Un médecin associé ne peut exercer qu’au sein d’une seule société d’exercice libéral et ne peut cumuler cette forme de pratique avec l’exercice à titre individuel ou au sein d’une société civile professionnelle, excepté dans le cas où l’exercice de sa profession est lié à des techniques médicales nécessitant un regroupement ou un travail en équipe ou à l’acquisition d’équipements ou de matériels soumis à l’autorisation en vertu de l’article L. 6122-1 ou qui justifient des utilisations multiples, prévoit en substance l’article R. 4113-3 du code de la santé publique, posant ainsi le principe du non-cumul de l’exercice au sein d’une SEL avec un exercice à titre individuel. Jusque là tout va bien, rien de nouveau.
Mais, le Conseil d’Etat vient de juger qu’il convient de comprendre par « exercice individuel » au sens de l’article R. 4113-3 « non pas exclusivement l’exercice libéral mais également l’exercice salarié d’un médecin dans un établissement de santé ».

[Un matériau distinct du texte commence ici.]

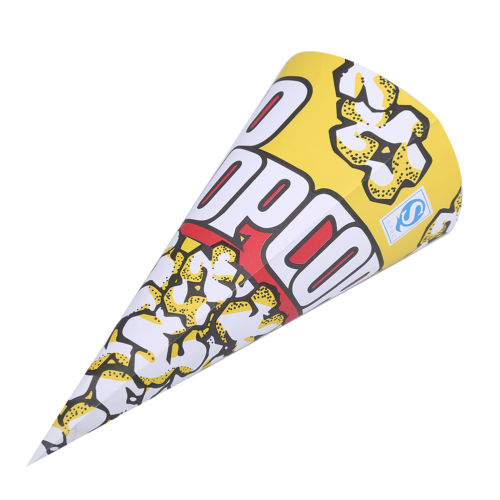 Size of the CONE SHAPED BAGS are 21cm x 16cm. It folds open to a curved cone shape allowing ease of holding in someones hand.

Dans l’espèce concernée, un chirurgien spécialiste en urologie, qui exerçait dans un CHU en qualité de praticien hospitalier, chef de service d’urologie et de néphrologie, avait décidé de constituer une société d’exercice libéral à responsabilité limitée (SELARL) pour pratiquer en secteur privé dans l’hôpital, conformément au contrat d’activité libérale qu’il avait conclu avec le CHU. Il constitue sa société et en demande l’inscription au tableau de l’ordre départemental qui, comme l’ordre national, la lui refuse, au motif qu’il n’a pas démontré que l’intéressé entende mettre en œuvre des techniques médicales nécessitant un regroupement ou un travail en équipe ou procéder à l’acquisition d’équipements et de matériels soumis à autorisation, alors même qu’il dispose du concours des personnels et de l’usage des équipements de l’hôpital dans lequel il exerce ; que ce faisant il ne peut cumuler l’exercice au sein d’une société d’exercice libéral avec son exercice à titre individuel, juge le Conseil d’Etat.

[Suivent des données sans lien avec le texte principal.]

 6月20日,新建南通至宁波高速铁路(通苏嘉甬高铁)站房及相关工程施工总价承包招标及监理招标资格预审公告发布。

En revanche, si les conditions de regroupement, travail en équipe, ou matériels soumis à autorisation, sont établies, le cumul est possible dans les deux sens : SEL + exercice individuel, ou exercice individuel + SEL, contrairement à la position adoptée jusqu’à présent par l’Ordre des médecins, vient de juger le Conseil d’Etat dans un deuxième arrêt (n° 291887) du 3 septembre 2007.
Compte tenu de cette dernière jurisprudence, de nombreuses situations, qui étaient jusqu’à présent bloquées par l’Ordre des médecins, vont pouvoir évoluer notamment au profit de radiologues exerçant sur plusieurs sites.